▶ **Exercise**: Reproduce the listing in full, pictures excluded.

▶ **Dataset section**:
···

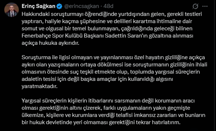 Türkiye Barolar Birliği Başkanı Erinç Sağkan, Fenerbahçe Spor Kulübü Başkanı Sadettin Saran'ın gözaltına alınmasına sert tepki göstererek, yargısal süreçlerin itibarı zedeleyen bir araca dönüştürülmemesi gerektiğini vurguladı.
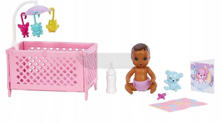 LALKA BARBIE SKIPPER USYPIANIE MALUSZKA łóżeczko HJY34
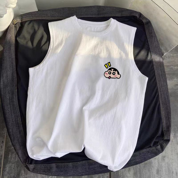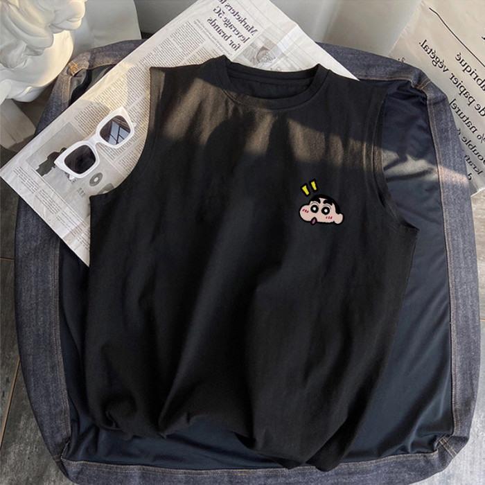 夏季ins潮流小新卡通潮牌無袖t恤寬松休閒百搭透氣220g純棉背心男

···

▶ **The completed task**:
 Türkiye Barolar Birliği Başkanı Erinç Sağkan, Fenerbahçe Spor Kulübü Başkanı Sadettin Saran'ın gözaltına alınmasına sert tepki göstererek, yargısal süreçlerin itibarı zedeleyen bir araca dönüştürülmemesi gerektiğini vurguladı.
 LALKA BARBIE SKIPPER USYPIANIE MALUSZKA łóżeczko HJY34
 夏季ins潮流小新卡通潮牌無袖t恤寬松休閒百搭透氣220g純棉背心男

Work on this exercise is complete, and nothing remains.